Task to complete >>
The listing that follows must be retyped exactly, without its pictures.

Materials provided >>
^^^^^^^^

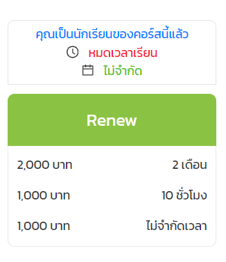 - Renew Price (รูปแบบราคาต่ออายุ) คือ ราคาสำหรับการซื้อคอร์สเรียนซ้ำ
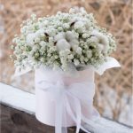 “Сиреневый туман” – композиция из гипсофилы в шляпной коробке
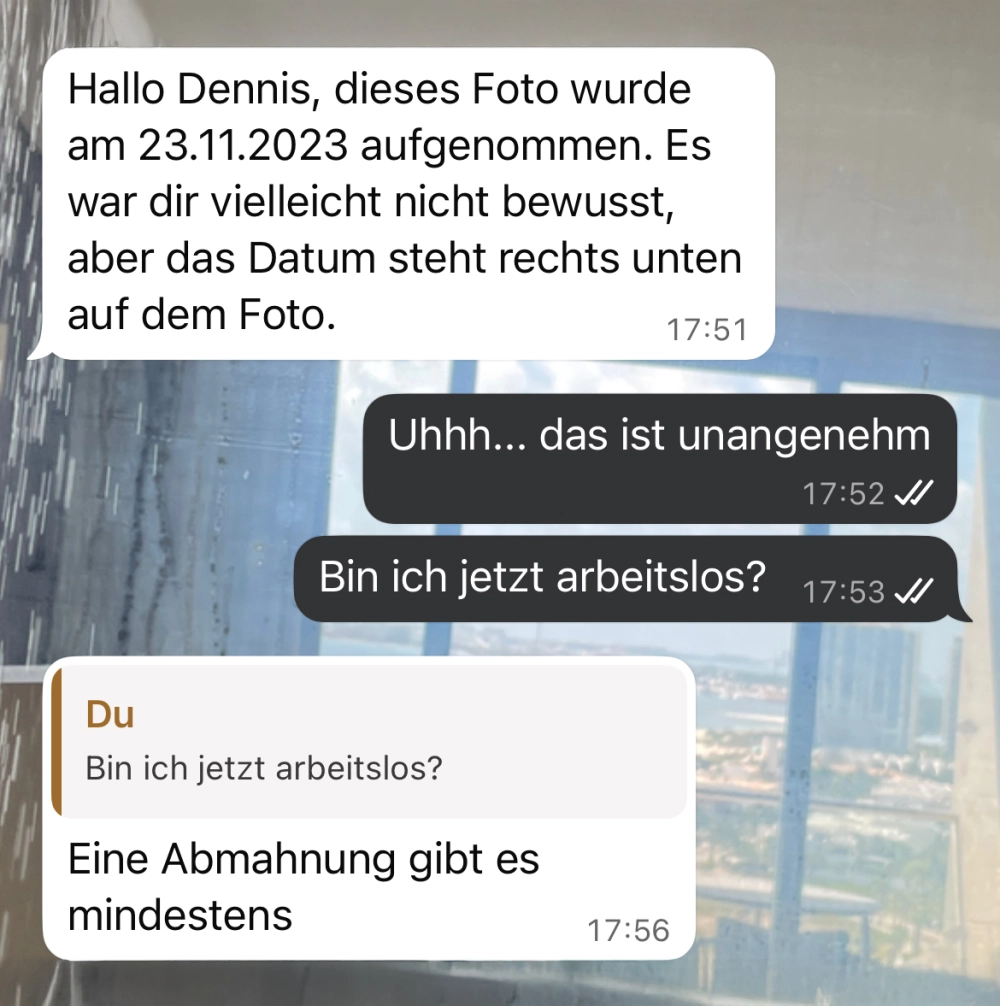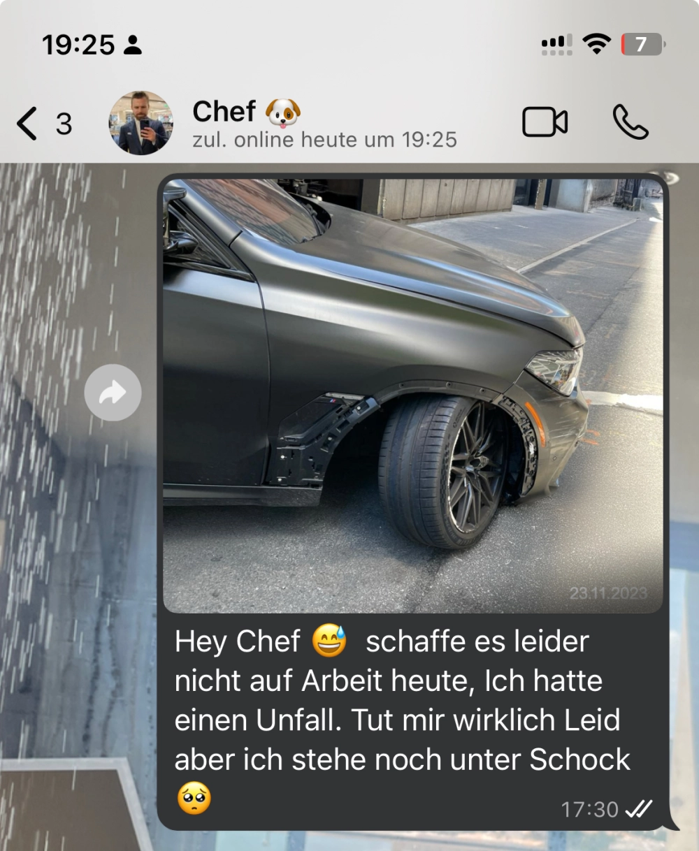Ein Mitarbeiter meldet sich mit der Ausrede eines Autounfalls krank – suboptimal nur, dass auf dem Foto das Datum eingeblendet ist. 🤯
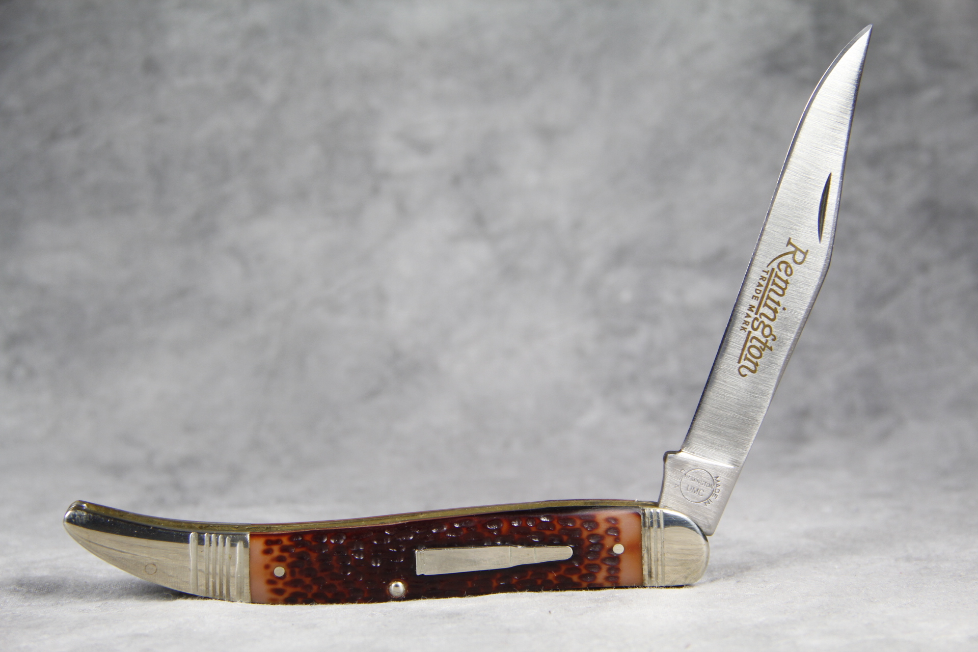 December 07, 2025 - Single Blade Special Edition Fisherman Bullet Knife. 5 inches closed. 8-7/8 inches open. Made in USA. 'Remington UMC Made in USA' and 'R1613 1987' tang stamps. Bullet shield. Stainless Steel blades. Delrin handle. Nickel Silver bolsters. Brass liner. With original box and paperwork.
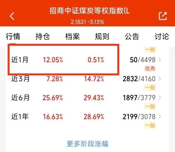 今天有关注到$招商中证煤炭等权指数(LOF)C$ 这只聚焦煤炭的指数基金。紧密跟踪中证煤炭等权指数。全面覆盖了煤炭产业上下游产业。近1月上涨12.05%。同类业绩稳居第一。基金长期跟踪指数精准度高。整体表现做到了涨多跌少。而且采用指数化投资。不用担心,主动调仓带来波动风险。我看好未来在煤炭板块中上涨的成长表现。准备开始布局了。#小金属概念狂飙!行情逻辑是什么?# $富国中证红利指数增强C$ $华泰柏瑞中证红利低波ETF联接C$ $东方红中证红利低波动指数C$
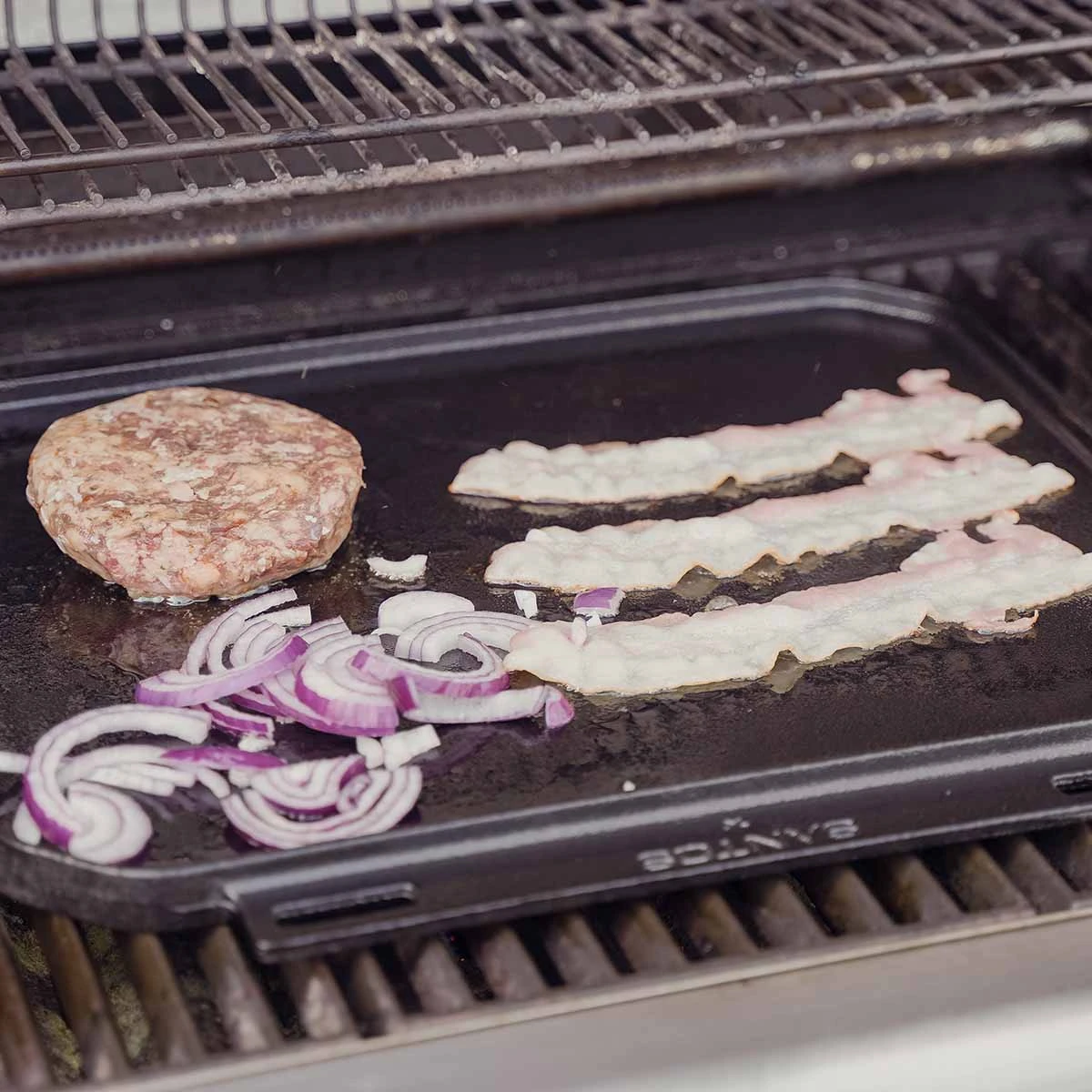 Ob Kohle- oder Gasgrill, Induktions-, Gas- oder Elektroherd, Backofen oder Lagerfeuer – die robuste Grillplatte aus Gusseisen versorgt Euch überall mit köstlichen Röstaromen und optimalen Bratergebnissen. Sogar auf dem Infrarot-Keramikbrenner könnt Ihr sie verwenden: Wichtig dabei ist, dass der Brenner-Bereich nicht abgedichtet ist, alternativ lässt sie sich auch auf einen erhöhten Rost legen.
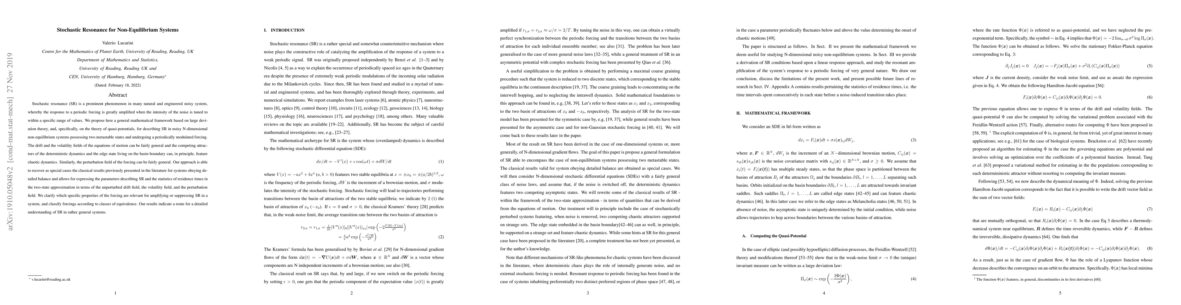 Stochastic resonance (SR) is a prominent phenomenon in many natural and engineered noisy system, whereby the response to a periodic forcing is greatly amplified when the intensity of the noise is tuned to within a specific range of values. We propose here a general mathematical framework based on large deviation theory, and, specifically, on the theory of quasi-potentials, for describing SR in noisy N-dimensional non-equilibrium systems possessing two metastable states and undergoing a periodically modulated forcing. The drift and the volatility fields of the equations of motion can be fairly general and the competing attractors of the deterministic dynamics and the edge state living on the basin boundary can, in principle, feature chaotic dynamics. Similarly, the perturbation field of the forcing can be fairly general. Our approach is able to recover as special cases the classical results previously presented in the literature for systems obeying detailed balance and allows for expressing the parameters describing SR and the statistics of residence times in the two-state approximation in terms of the unperturbed drift field, the volatility field, and the perturbation field. We clarify which specific properties of the forcing are relevant for amplifying or suppressing SR in a system, and classify forcings according to classes of equivalence. Our results indicate a route for a detailed understanding of SR in rather general systems.
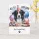 This birthday card features a charming Border Collie dog with a birthday cake and balloons, making it a festive celebration. Include a special message inside, all from the dog! Perfect for any Border Collie lover. "AI-generated artwork with design direction by Susang6"
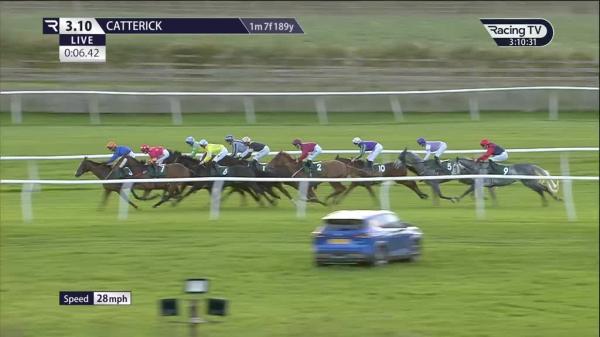 Awkward start and slowly away, in rear and pushed along early, kept wide and made headway before halfway, closed on leaders 5f out, pushed along over 2f out, went third inside final furlong, ran on well, took second towards finish

^^^^^^^^

Problem solution >>
 - Renew Price (รูปแบบราคาต่ออายุ) คือ ราคาสำหรับการซื้อคอร์สเรียนซ้ำ
 “Сиреневый туман” – композиция из гипсофилы в шляпной коробке
Ein Mitarbeiter meldet sich mit der Ausrede eines Autounfalls krank – suboptimal nur, dass auf dem Foto das Datum eingeblendet ist. 🤯
 December 07, 2025 - Single Blade Special Edition Fisherman Bullet Knife. 5 inches closed. 8-7/8 inches open. Made in USA. 'Remington UMC Made in USA' and 'R1613 1987' tang stamps. Bullet shield. Stainless Steel blades. Delrin handle. Nickel Silver bolsters. Brass liner. With original box and paperwork.
 今天有关注到$招商中证煤炭等权指数(LOF)C$ 这只聚焦煤炭的指数基金。紧密跟踪中证煤炭等权指数。全面覆盖了煤炭产业上下游产业。近1月上涨12.05%。同类业绩稳居第一。基金长期跟踪指数精准度高。整体表现做到了涨多跌少。而且采用指数化投资。不用担心,主动调仓带来波动风险。我看好未来在煤炭板块中上涨的成长表现。准备开始布局了。#小金属概念狂飙!行情逻辑是什么?# $富国中证红利指数增强C$ $华泰柏瑞中证红利低波ETF联接C$ $东方红中证红利低波动指数C$
 Ob Kohle- oder Gasgrill, Induktions-, Gas- oder Elektroherd, Backofen oder Lagerfeuer – die robuste Grillplatte aus Gusseisen versorgt Euch überall mit köstlichen Röstaromen und optimalen Bratergebnissen. Sogar auf dem Infrarot-Keramikbrenner könnt Ihr sie verwenden: Wichtig dabei ist, dass der Brenner-Bereich nicht abgedichtet ist, alternativ lässt sie sich auch auf einen erhöhten Rost legen.
 Stochastic resonance (SR) is a prominent phenomenon in many natural and engineered noisy system, whereby the response to a periodic forcing is greatly amplified when the intensity of the noise is tuned to within a specific range of values. We propose here a general mathematical framework based on large deviation theory, and, specifically, on the theory of quasi-potentials, for describing SR in noisy N-dimensional non-equilibrium systems possessing two metastable states and undergoing a periodically modulated forcing. The drift and the volatility fields of the equations of motion can be fairly general and the competing attractors of the deterministic dynamics and the edge state living on the basin boundary can, in principle, feature chaotic dynamics. Similarly, the perturbation field of the forcing can be fairly general. Our approach is able to recover as special cases the classical results previously presented in the literature for systems obeying detailed balance and allows for expressing the parameters describing SR and the statistics of residence times in the two-state approximation in terms of the unperturbed drift field, the volatility field, and the perturbation field. We clarify which specific properties of the forcing are relevant for amplifying or suppressing SR in a system, and classify forcings according to classes of equivalence. Our results indicate a route for a detailed understanding of SR in rather general systems.
 This birthday card features a charming Border Collie dog with a birthday cake and balloons, making it a festive celebration. Include a special message inside, all from the dog! Perfect for any Border Collie lover. "AI-generated artwork with design direction by Susang6"
 Awkward start and slowly away, in rear and pushed along early, kept wide and made headway before halfway, closed on leaders 5f out, pushed along over 2f out, went third inside final furlong, ran on well, took second towards finish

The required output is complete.